The U.S. military has also prevented drone attacks against its forces across the country. Attacks on U.S. forces throughout the region have been a steady occurrence since the beginning of the Israel-Hamas war, with only minimal U.S. retaliation. Recently, American troops were attacked at least 4 times in both Iraq and Syria over the Thanksgiving holiday.
As the largest U.S. embassy in the world in an area growing unfriendly to the United States and vulnerable to enemy attack, some have criticized maintaining the facility that required its own power plant in the first place.
After Pompeo threatened to close the embassy, Steven Cook, a senior fellow at the Council on Foreign Relations, argued that the massive compound should have been shuttered a long time ago.

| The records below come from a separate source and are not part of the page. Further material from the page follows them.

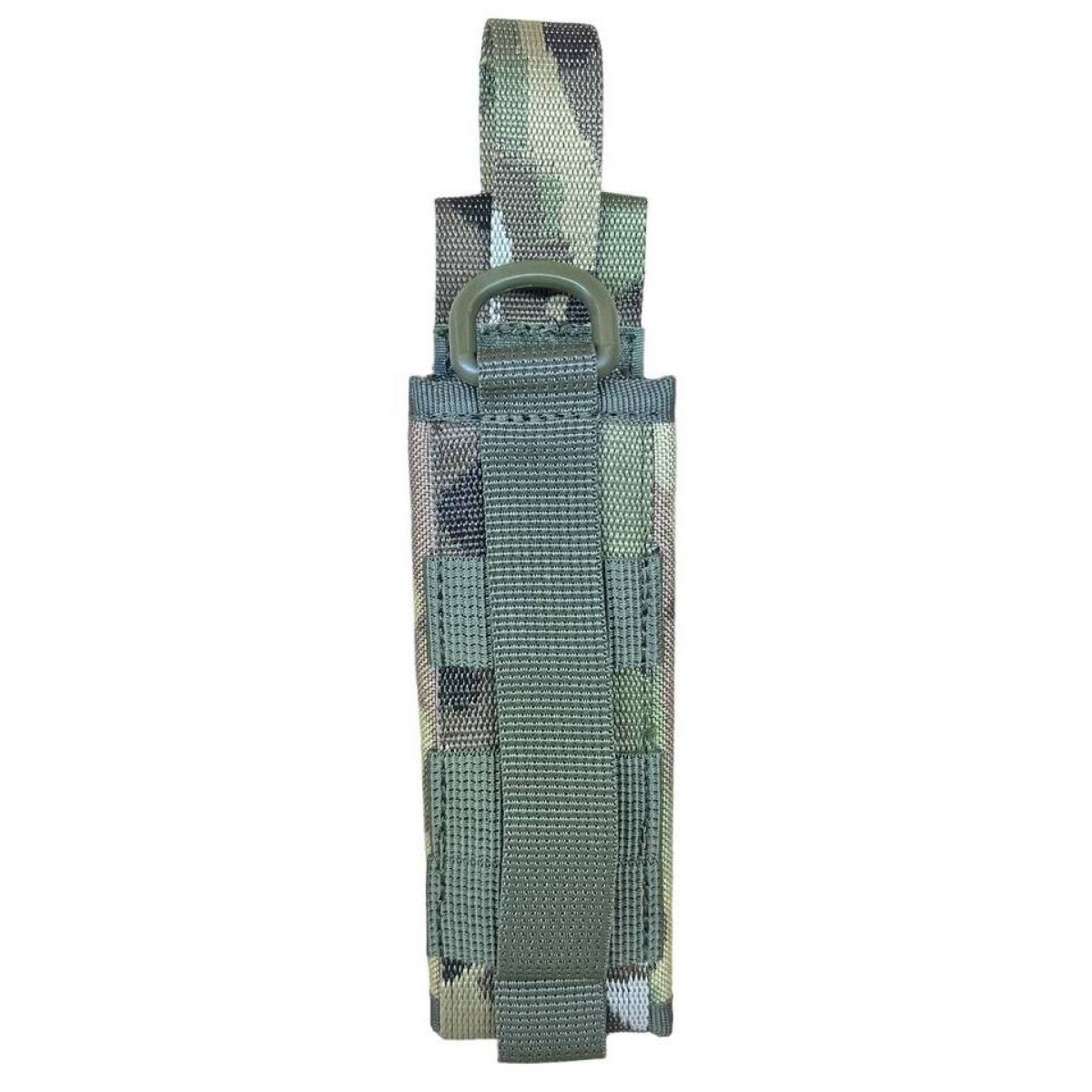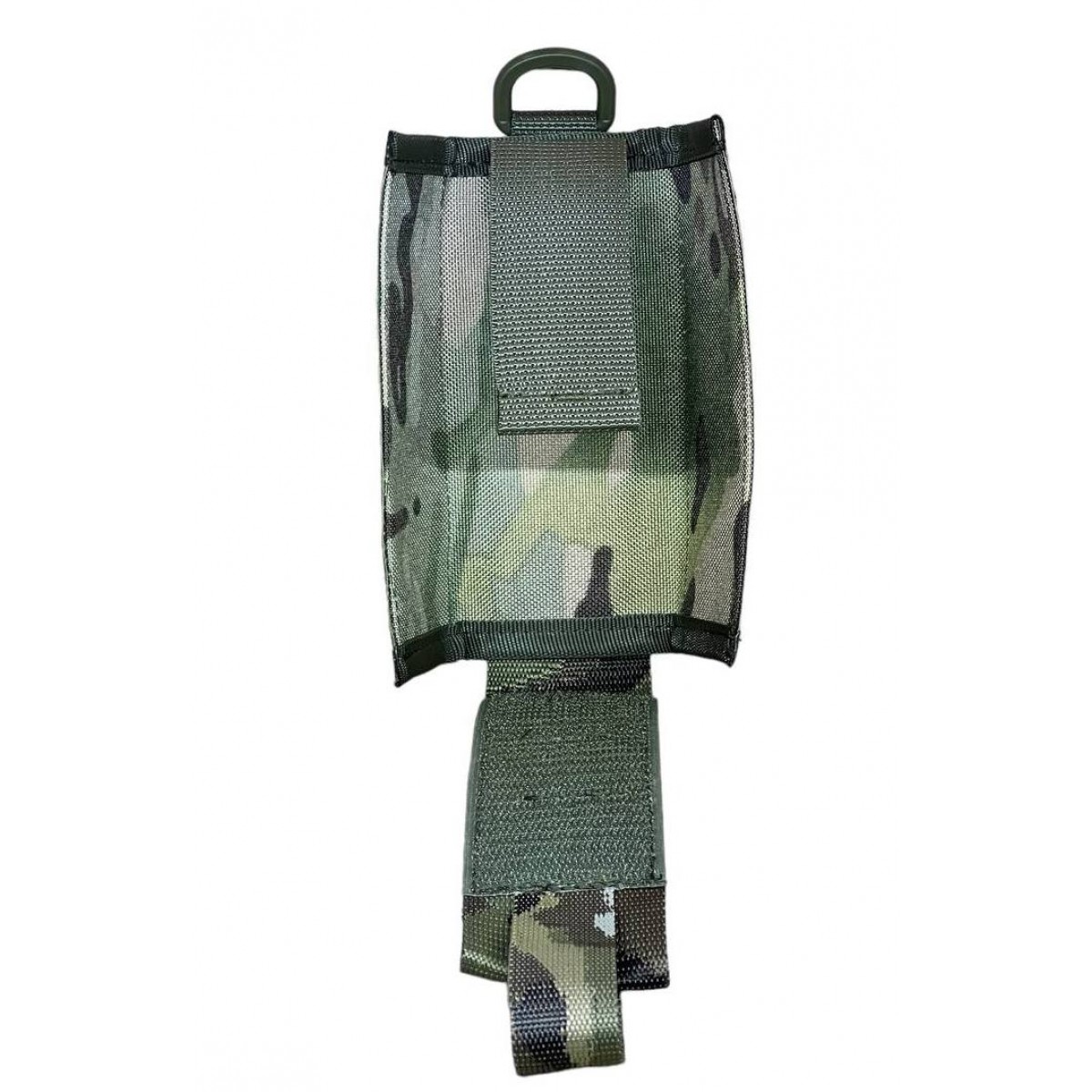 К снаряжению крепится с помощью системы MOLLE, расположенной на задней стенке, или пластикового полукольца.
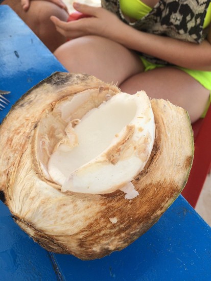 Jag brukar alltid sörpla i mig några kokosnötter men mest för att komma åt innehållet. Det är förhållandevis mjukt när man äter det färskt, men det gillar jag att tugga i mig. Själva kokossaften i nöten eller för den delen kokosvatten som man kan köpa här hemma är jag inte lika förtjust i.
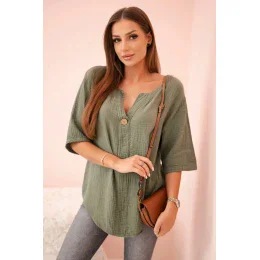 Dámská mušelínová košile s knoflíkem khaki
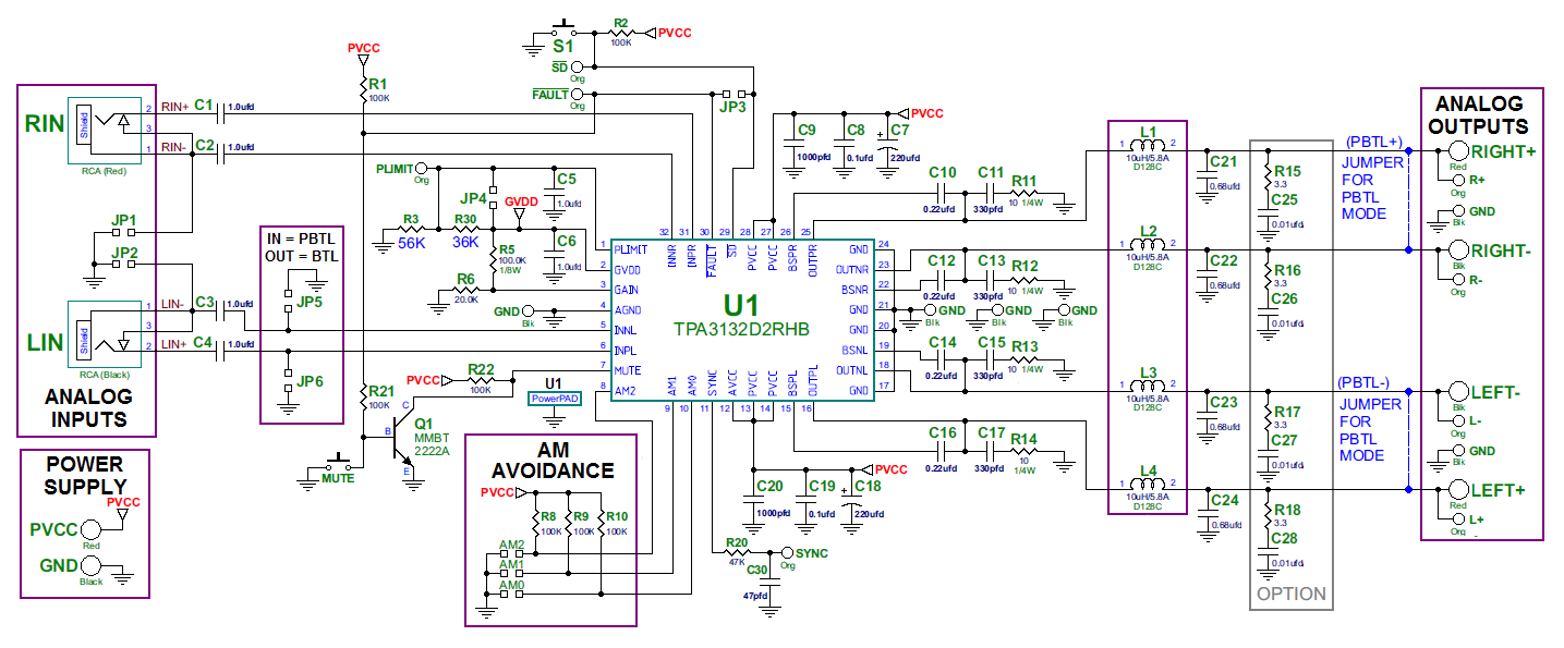The TPA3131/32D2 advanced oscillator/PLL circuit employs a multiple switching frequency option to avoid AM interferences; this is achieved together with an option of Master/Slave option, making it possible to synchronize multiple devices.
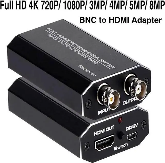 - TVI CVI AHD CVBS to 1080P HDMI Output: Plug and play; It converts TVI CVI AHD CVBS security camera signals to HDMI monitor. The HDMI Video output is 1080p/720P@60Hz resolution, You can select by the switch. And It have BNC Video Loop Out port, that you can connect multiple monitors.
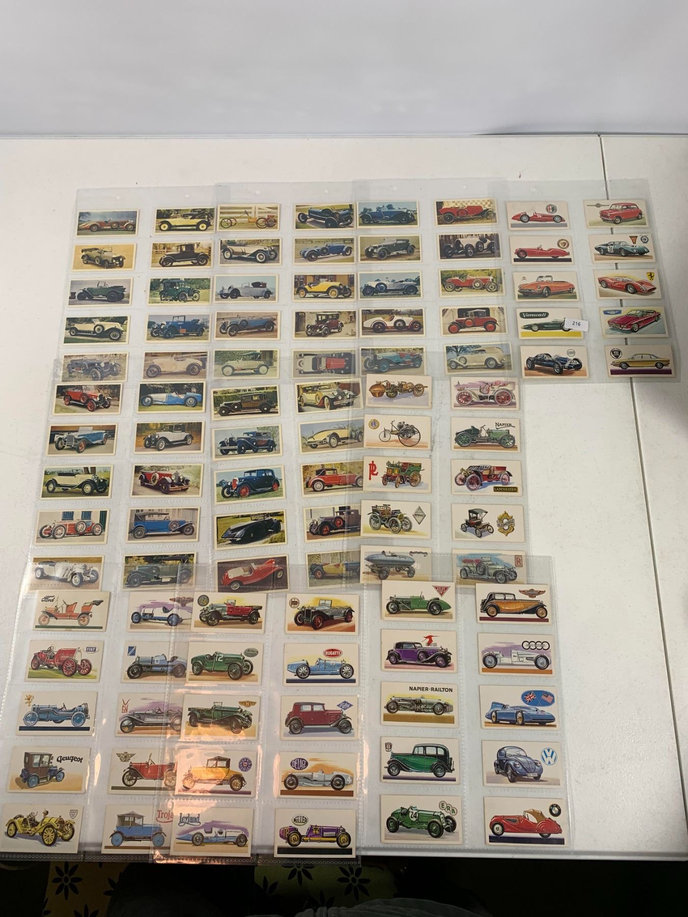 Extensive multi‑page collection of vintage automobile cigarette cards featuring early racing cars, luxury marques and classic motoring history. Clean artwork; stored in sleeves. Appears complete or mostly complete based on included cards.
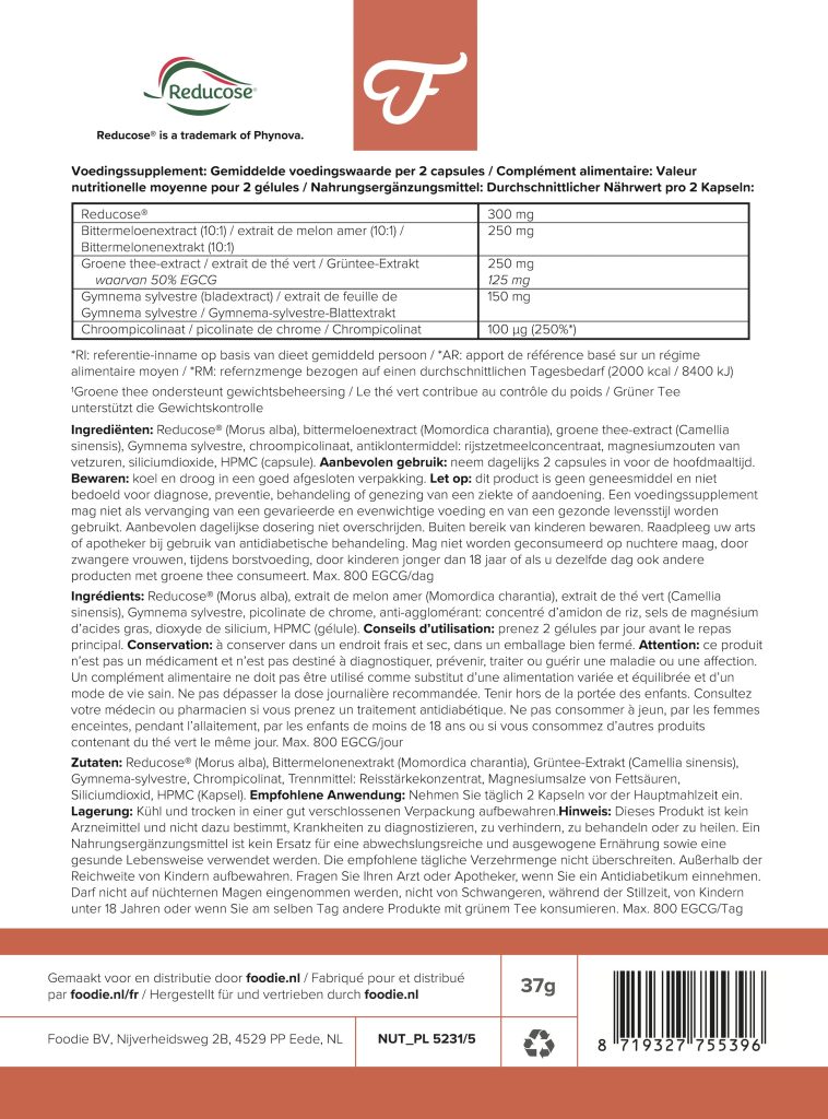 Bittermelon is een natuurlijk ingrediënt dat bekend staat om zijn bloedsuikerverlagende eigenschappen en dus synergetisch werkt met Reducose® en chroom. Uniek aan bittermeloen is dat het zowel de bloedsuiker verlaagt als de insulinefunctie ondersteunt, ideaal bij insulineresistentie of als natuurlijke ondersteuning bij afslanken en gewichtsverlies.
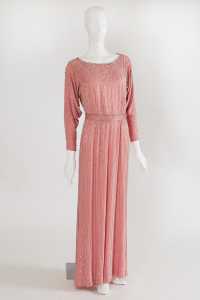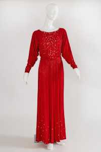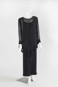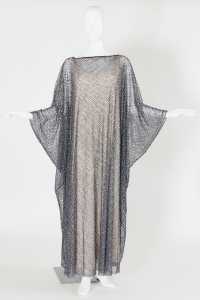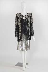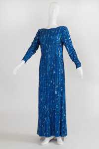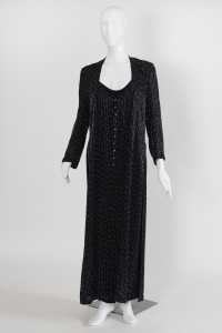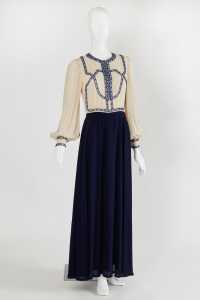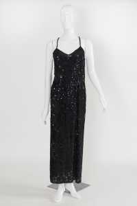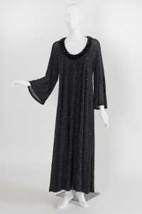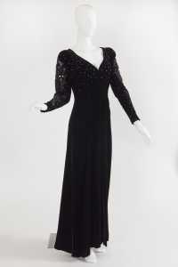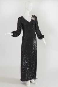 Robe longue en tissu pailleté noir, fleurs en paillettes et strass beige et bleutés, large col en V, manches resserrées par un élastique.

“To the extent that any Americans think about Iraq or the U.S. Embassy in Baghdad these days, they likely envision a building, but it is much more than that. The compound, which is only slightly smaller than Disneyland, features 20 office buildings, six apartment blocks, and various amenities for the staff, which at one time numbered 16,000. The tab for the complex’s completion was $750 million,” Cook wrote in Foreign Policy.
“It is the physical manifestation of American hubris in Iraq. And, unlike Disneyland, no dreams came true there,” Cook continued. He argued that a smaller embassy, with a less expansive—and expensive—compound would meet the United States’ security and diplomatic needs.